Supplied records Start Marker

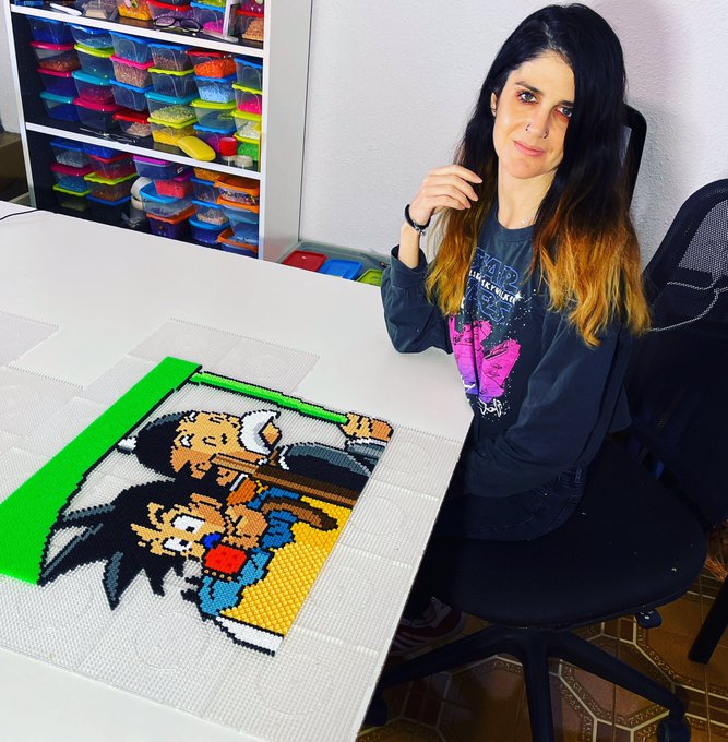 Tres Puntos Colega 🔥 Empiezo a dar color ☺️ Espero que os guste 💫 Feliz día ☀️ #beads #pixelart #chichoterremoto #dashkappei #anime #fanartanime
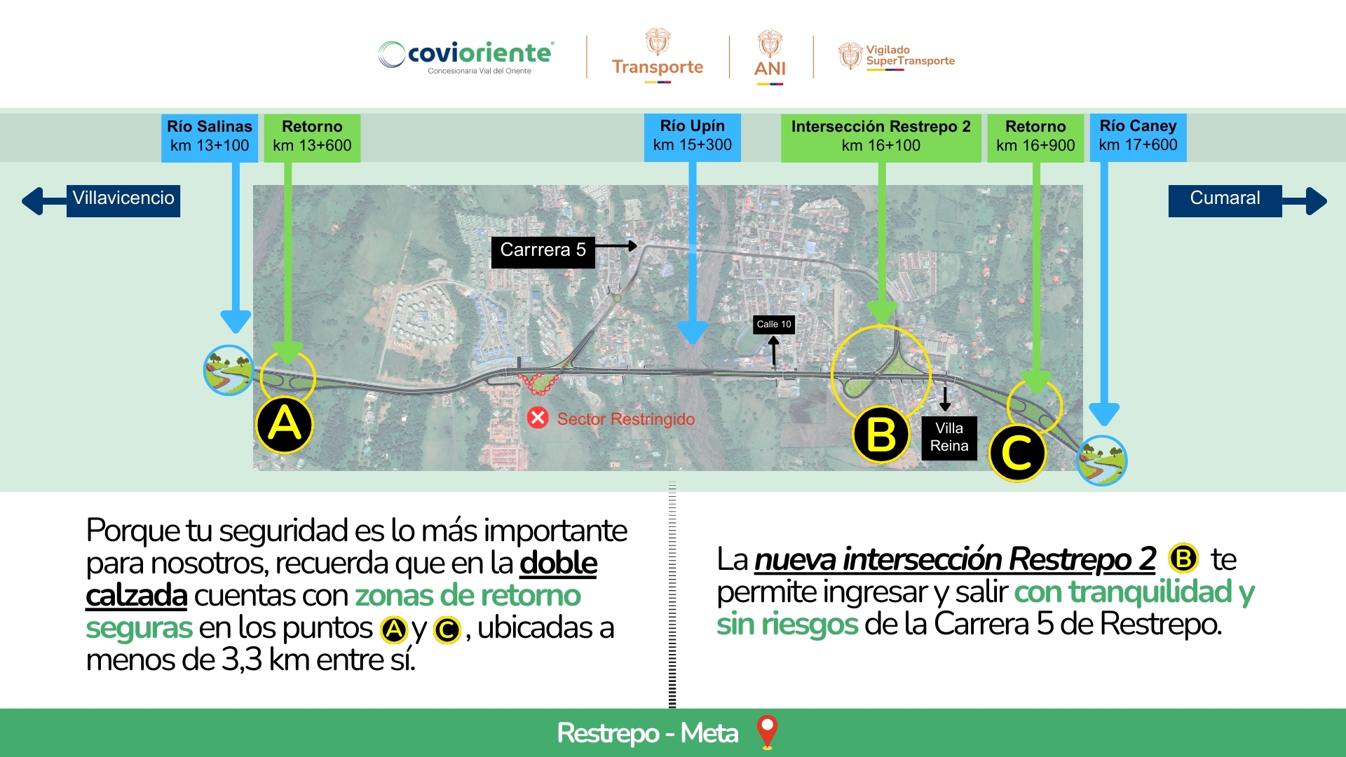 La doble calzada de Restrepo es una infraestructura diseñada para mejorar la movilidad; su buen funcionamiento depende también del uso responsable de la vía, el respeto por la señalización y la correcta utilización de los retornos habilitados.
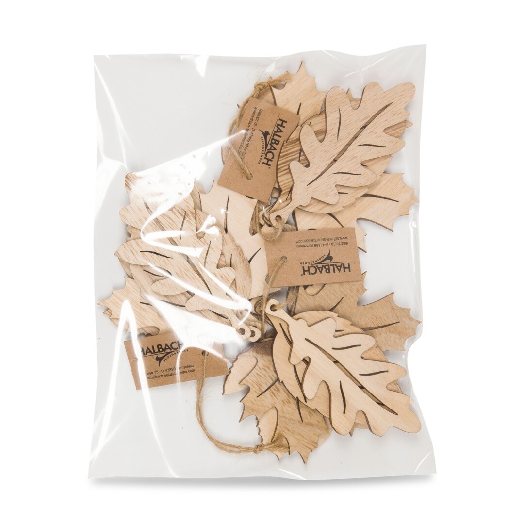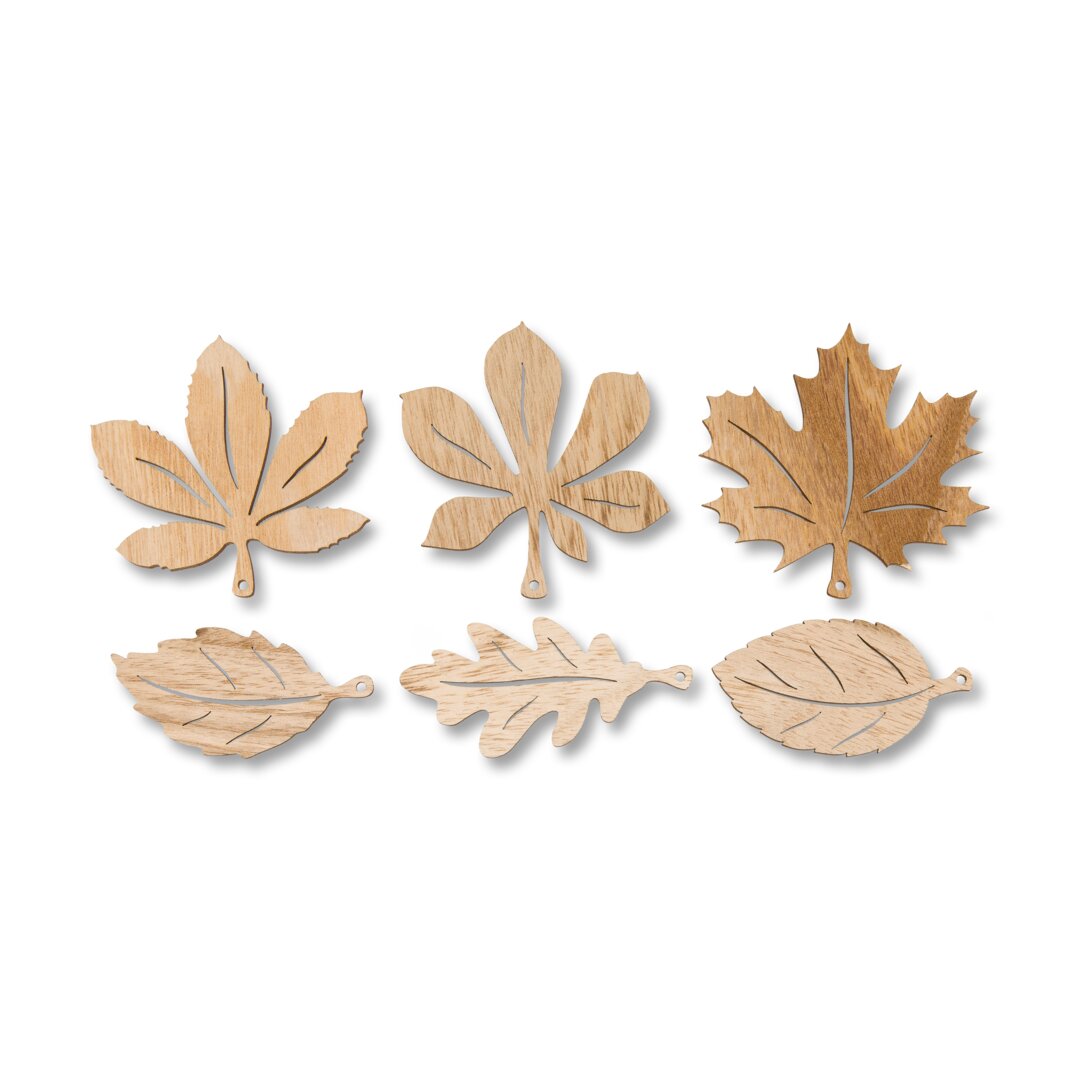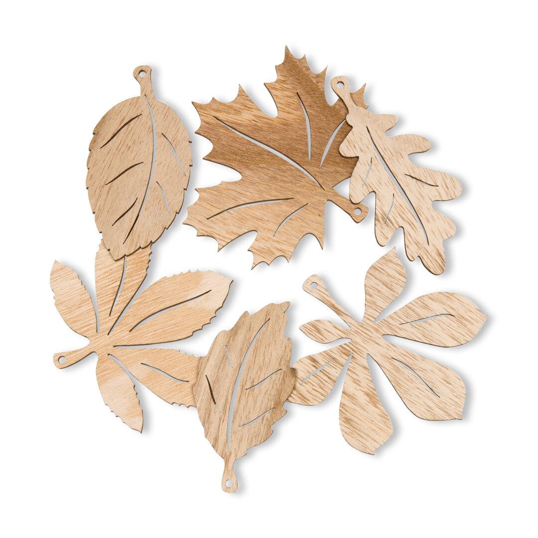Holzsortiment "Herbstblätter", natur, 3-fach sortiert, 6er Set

Supplied records End Marker
Supplied records Start Marker

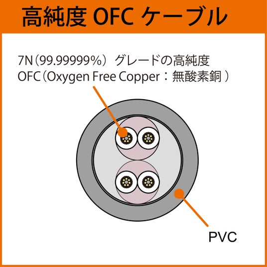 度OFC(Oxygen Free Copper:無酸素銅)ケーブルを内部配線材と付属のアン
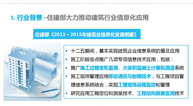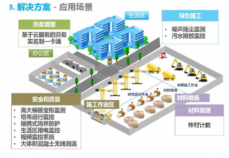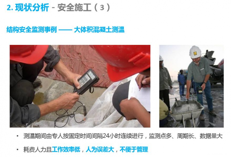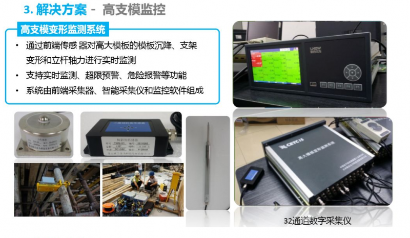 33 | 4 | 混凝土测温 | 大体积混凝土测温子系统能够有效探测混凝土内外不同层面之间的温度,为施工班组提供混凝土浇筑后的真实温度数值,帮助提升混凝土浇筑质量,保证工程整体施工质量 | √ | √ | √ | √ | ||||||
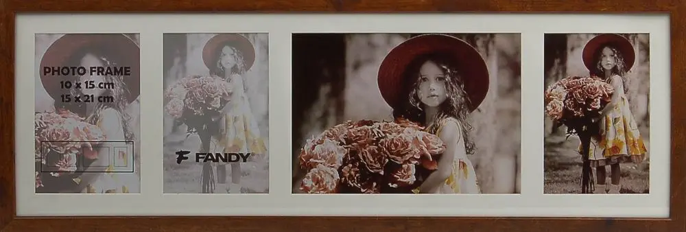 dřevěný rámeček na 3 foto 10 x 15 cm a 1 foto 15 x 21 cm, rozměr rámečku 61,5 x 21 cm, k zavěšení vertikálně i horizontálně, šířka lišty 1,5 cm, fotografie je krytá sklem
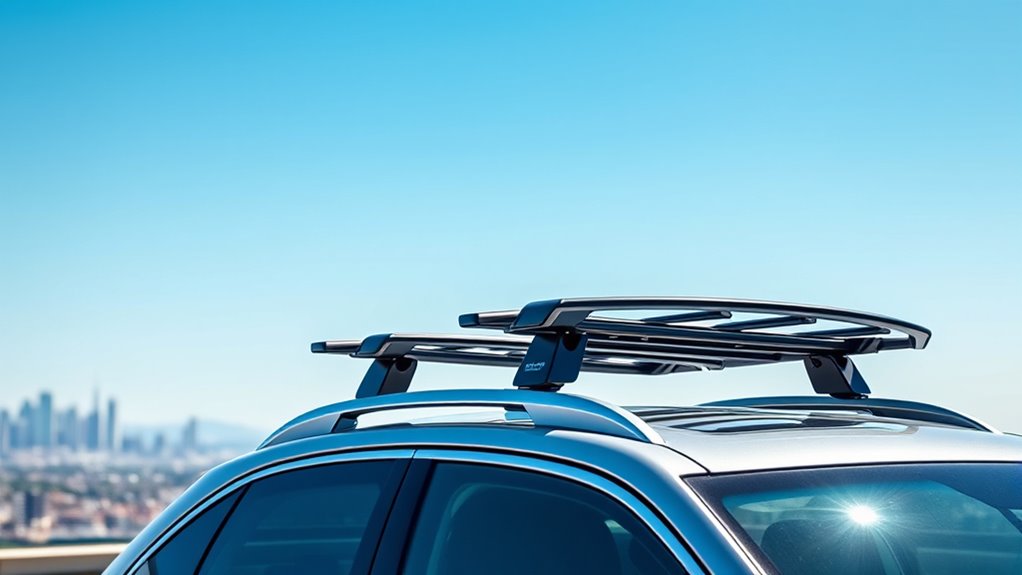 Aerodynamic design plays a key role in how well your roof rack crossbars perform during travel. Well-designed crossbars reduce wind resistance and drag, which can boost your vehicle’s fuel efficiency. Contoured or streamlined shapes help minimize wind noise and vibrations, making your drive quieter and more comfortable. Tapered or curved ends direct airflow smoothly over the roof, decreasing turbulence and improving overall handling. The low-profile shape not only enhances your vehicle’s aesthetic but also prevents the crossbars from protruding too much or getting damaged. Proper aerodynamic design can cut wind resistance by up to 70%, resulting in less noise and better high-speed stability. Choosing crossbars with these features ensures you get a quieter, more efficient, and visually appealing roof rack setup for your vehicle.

Supplied records End Marker
Supplied records Start Marker

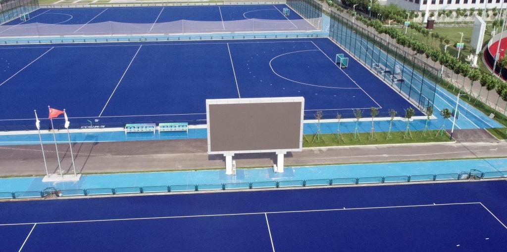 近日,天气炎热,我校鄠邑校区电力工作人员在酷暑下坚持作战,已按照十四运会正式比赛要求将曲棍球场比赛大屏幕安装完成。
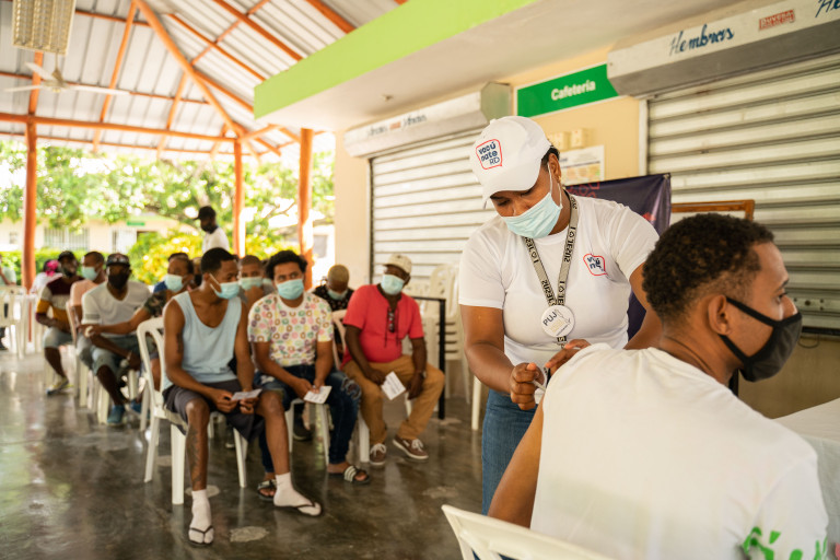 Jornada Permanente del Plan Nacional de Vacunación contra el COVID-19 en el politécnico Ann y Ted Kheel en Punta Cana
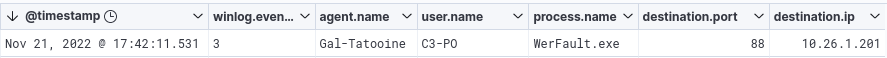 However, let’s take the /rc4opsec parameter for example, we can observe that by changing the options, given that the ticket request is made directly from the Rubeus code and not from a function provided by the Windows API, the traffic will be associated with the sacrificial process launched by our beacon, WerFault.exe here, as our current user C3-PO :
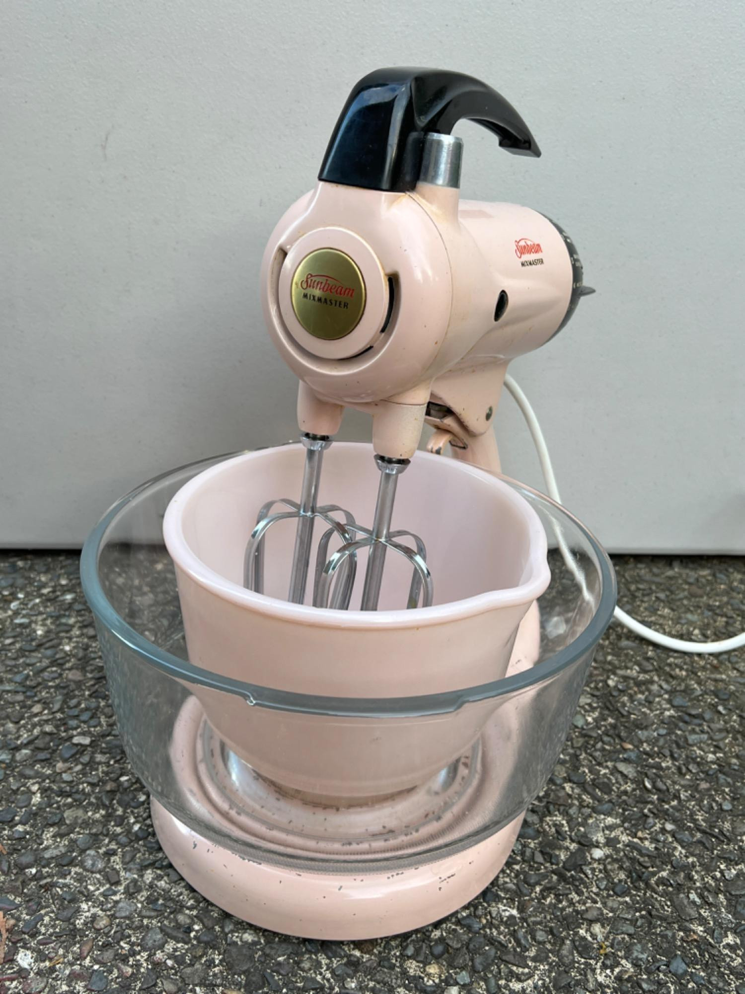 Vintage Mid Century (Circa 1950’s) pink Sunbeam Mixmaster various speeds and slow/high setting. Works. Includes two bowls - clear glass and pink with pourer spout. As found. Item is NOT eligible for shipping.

Supplied records End Marker

Aim of the task> In the entries above, find the line with "Tres Puntos Colega" and the line with "sortiert, 6er Set". Return exactly those lines and all the ones between them, pictures excluded.

Result below>
 Tres Puntos Colega 🔥 Empiezo a dar color ☺️ Espero que os guste 💫 Feliz día ☀️ #beads #pixelart #chichoterremoto #dashkappei #anime #fanartanime
 La doble calzada de Restrepo es una infraestructura diseñada para mejorar la movilidad; su buen funcionamiento depende también del uso responsable de la vía, el respeto por la señalización y la correcta utilización de los retornos habilitados.
Holzsortiment "Herbstblätter", natur, 3-fach sortiert, 6er Set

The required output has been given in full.